Pria itu menghentakkan jarinya dengan kasar pada tuts dan mendesah marah. Sudah bertahun-tahun dia menekuni musik ini. Tetapi, tidak satu haripun dia merasa senang, ataupun menikmati hal ini. Kenapa? Karena dia tidak menyukainya.
"Kalo lo, terus main kayak gitu. Yang ada piano lo rusak." pria itu menoleh pada seorang pria jangkung yang sedang berjalan kearahnya, "Santai, Ren. Gue tau lo nggak suka. Tapi jangan kayak gini juga."
"Lo nggak bakal ngerti, Dlan." ya, pria yang abru saja masuk itu adalah Adlan. Pria dengan tubuh tinggi, khas pemain basket.
"Gue ngerti, makanya gue disini. Nemenin lo."
"Tapi lo nggak nemenin gue diatas panggung."
"Kalo lo mau panggung lo hancur, bawa gue." Adlan tersenyum tipis, menepuk pundak pria yang sedang merenggangkan tubuhnya itu.
"Nginep sini lagi?" Adlan mengangguk.
"Bokap lo nyuruh gue mantau lo latihan. Seenggaknya gue yang ngeliatin lo, bukan pembunuh berantai." pria itu tertawa saat mendengar ocehan Adlan, dengan adanya pria itu didekatnya. Setidaknya, dia merasa lega.
"Lo udah makan?" Adlan menggeleng.
"Gue langsung kesini, nggak sempet makan. Lagian Nyokap gue nggak masak."
"Alesan, lo. Bilang aja minta masakin." Adlan tertawa lebar, menepuk punggung pria itu kuat. Membuat senyum menular pada pria yang melihat Adlan tersenyum itu.
"Itu, lo tau." Adlan melirik pria yang masih terduduk itu dan melepaskan tangannya dari punggung pria yang menoleh bingung padanya, "Iiih--amit-amit, gue nggak mau lo masak pake keringat. Mandi dulu, sono!!" suruh Adlan lagi.
"Gila, lo. Lo nggak tau, ya? yang bikin enak itu keringat gue."
"Baru sadar gue punya temen dua sinting semua." pria itu mendengus kesal.
"Teman lo itu, siapa, sih? Nggak pernah kenalin sama dia."
"Bahaya, ntar lo naksir."
"Liat aja belum."
"Makanya jangan liat, ntar naksir. Soalnya sama gilanya sama lo."
"Bangsat, lo!!" dengusnya lagi.
"Eh, Ren. Cepetan, cacing gue udah disko."
"Lo kira gue babu, lo?"
"Emang lo babu gue?" tanya Adlan balik.
"Mau makan, nggak?"
"Oke-oke, makan-makan." cengir Adlan lagi.
***
"Ngomong-ngomong, Ren. Lo, kan primadona di sekolah--"
"Lo kira gue apa?" dengus Rendi kesal.
"Hehe--gue mau nembak cewek. Tapi, gue udah ditolak berkali-kali." Adlan cengegesan sembari menonton tv, "Dia itu, galak banget. Cueknya sama cowok doang. Nggak tau kenapa."
"Berarti dia pernah disakitin cowok."
"Terus gimana?"
"Lima menit, lima puluh ribu."
"Anjir, Ren. Anggep aja gue mantau lo itu bayarannya." Rendi terkekeh saat melihat wajah kesal Adlan.
"Oke."
"Jadi?"
"Jadi orang, Dlan. Aduh!!" Rendi memelototi Adlan dengan kesal, pria itu baru saja memukul kepalanya dnegan keras. Sangat, tidak main-main, "Lo mau bikin gue bego, hah!!"

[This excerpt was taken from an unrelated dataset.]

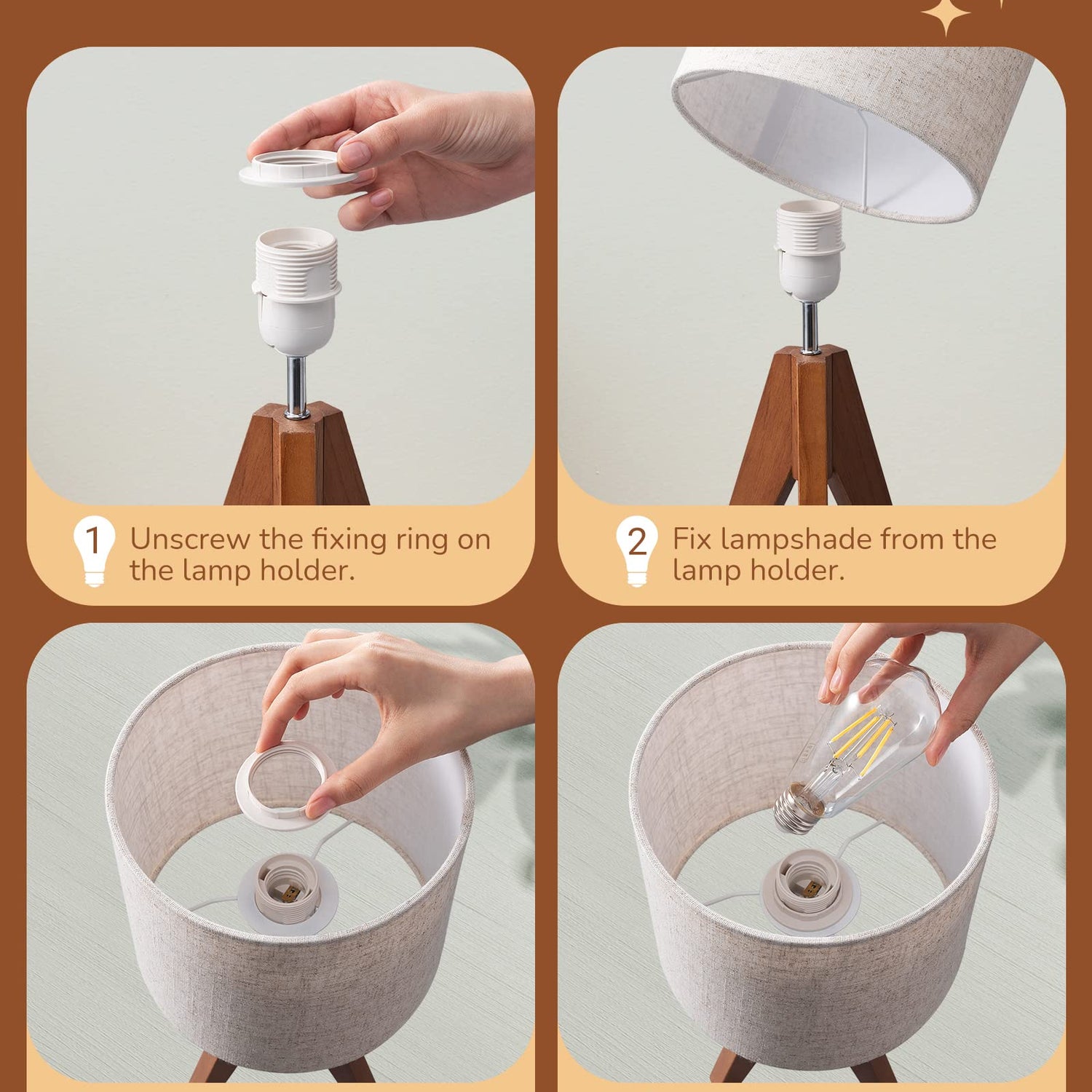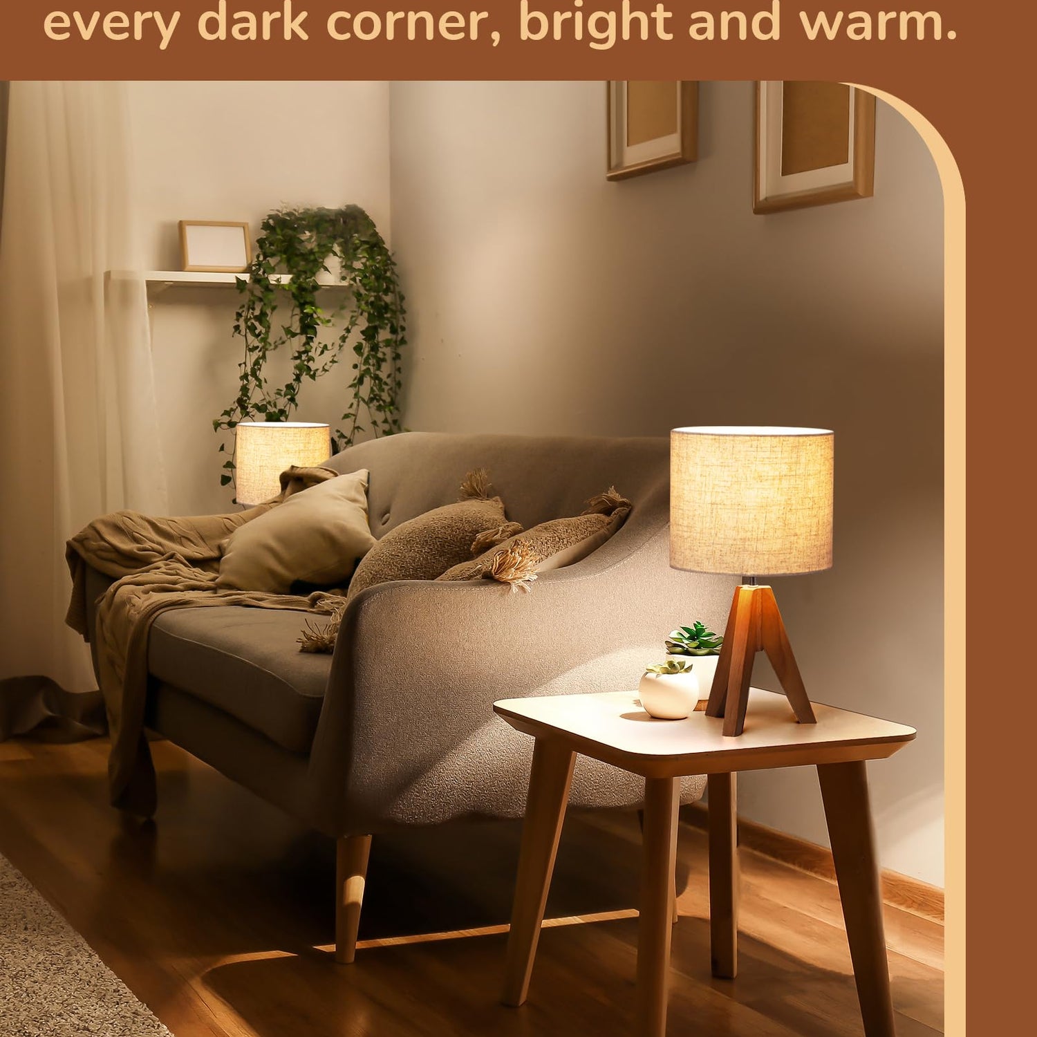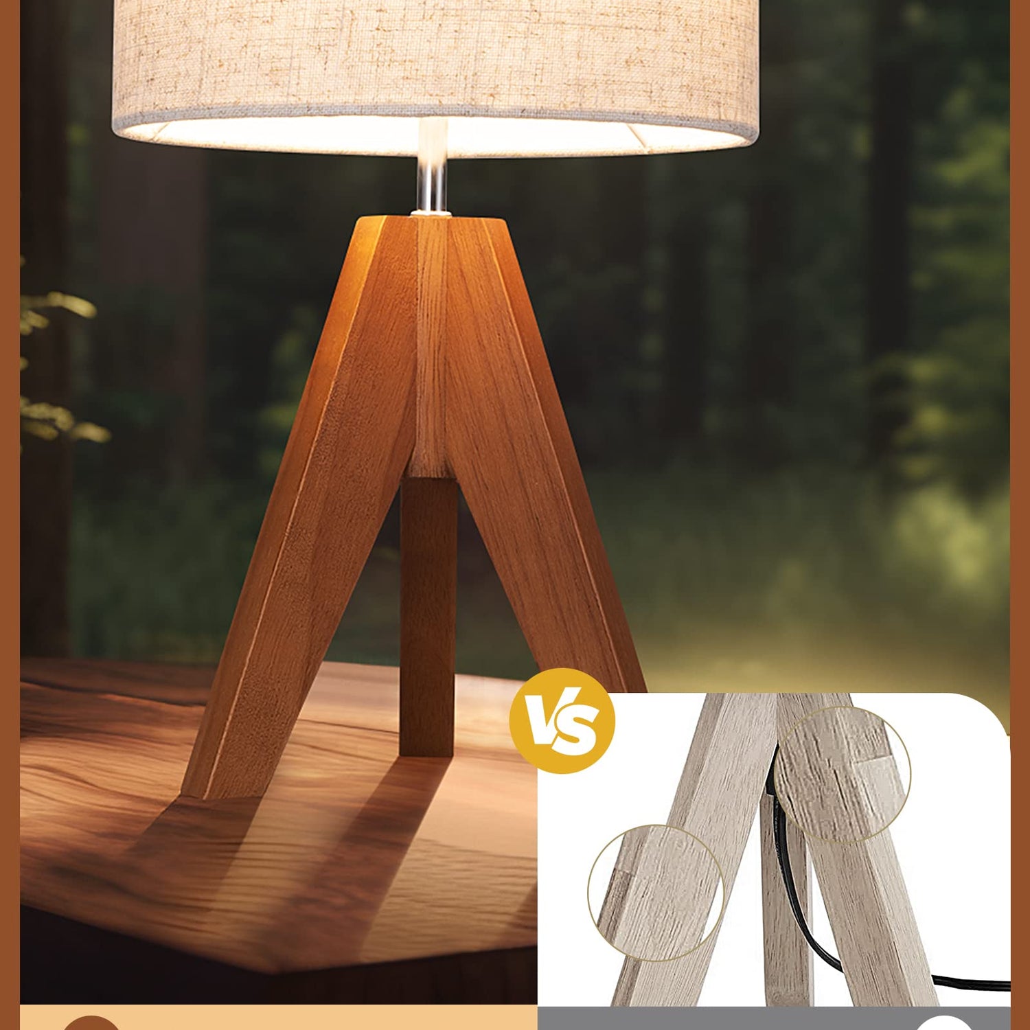 - [Stable Wooden Tripod] Equipped with wooden tripod, the end table lamp is stands strong and steadfast, not easy to tip over and gives you a reassuring sense of security, just enjoy the beautiful light; ideal for bedroom, living room, child room and nursery

"Emang udah bego, lo. Gue nanya serius!!" Rendi mengelus kepalanya dengan pelan, rasa berdenyut-denyut menyerangnya karena pukulan Adlan.
"Kalo lo nggak gue anggep orang tua, lo udah gue tendang dari sini." sinis Rendi kesal.
"Jaweb!!"
"Sabar, elah. Pala gue denyut-denyut. Lo mau rasain, hah? Gila lo mukul gue, kenceng amat!! Santai aja kali." dengus Rendi.
"Terus?" Adlan sudah sangat geram dengan tingkah konyol Rendi, pria itu terkadang sangat oendiam dan sangat menyebalkan disaat bersamaan.
"Ya, lo deketin dia lah. Lo kira, apalagi? Lo cari tau apa yang buat dia kayak gitu. Terus yakinin dia. Yaudah."
"Giamna caranya?"
"Lo salah tanya orang, bro. Gue nggak pernah serius sama cewek."
"Bener salah tanya gue." dengus Adlan kesal.
"Well, gue nggak bakal biarin lo tidur dikamar gue lagi. udah cukup lo tendang gue kemaren."
"Dendam amat lo!!"
"Lo mau coba?" Adlan menggeleng sembari mendengus kesal, "Tidur dikamar tamu!!"